The role
Most of your time will be spent making our existing software more reliable. You'll dig into production bugs, trace them to root cause, and write the tests that should have caught them. You'll review pull requests in a way that raises the bar without demoralizing anyone. You'll tackle the tech debt that everyone complains about in retros but nobody picks up.
The other part — and this is growing — is our AI agent work. We're building tooling, orchestration, and evaluation systems for LLM-powered features. This isn't a research project. It's production software that needs the same rigor as everything else we ship. We need someone who can bring that rigor.
What you'll do
- Debug and fix issues across the stack, from staging through production
- Build meaningful test coverage (the kind that actually catches regressions)

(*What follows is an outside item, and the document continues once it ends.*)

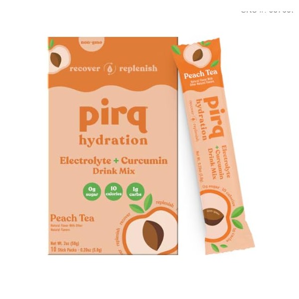 • Pirq Electrolyte + Curcumin Hydration Drink Mix, Peach, Vegan Friendly, Kosher, Gluten Free & Non-GMO, 10 Stick Packs (Pack of 1)
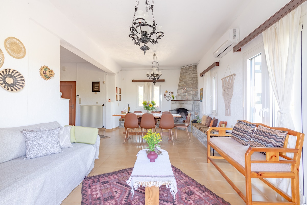 Una casa cretense en un jardín con vistas al mar

- Review code thoroughly — with context, not just style nits
- Refactor the parts of the codebase that slow the team down
- Help define how we ship: observability, release process, quality gates
- Work with product and design to land features cleanly
- Contribute to our AI agent infrastructure: tool-calling, orchestration, evaluation, safety
What we're looking for
- 3–6 years of professional software engineering experience
- Real debugging experience in distributed systems — you've traced issues across services, not just stepped through a single process
- A habit of writing tests, ideally born from experience rather than mandate
- Thoughtful code review skills — you give feedback people learn from
- Comfort working in an existing codebase you didn't write
- Working understanding of LLM basics: prompting, context windows, hallucination, evaluation
- Clear communication with both technical and non-technical teammates
Nice to have
- Hands-on experience with AI agents, tool-calling, or workflow orchestration
- Familiarity with RAG, embeddings, vector databases, or model eval pipelines
- Observability chops (logs, metrics, tracing, incident response)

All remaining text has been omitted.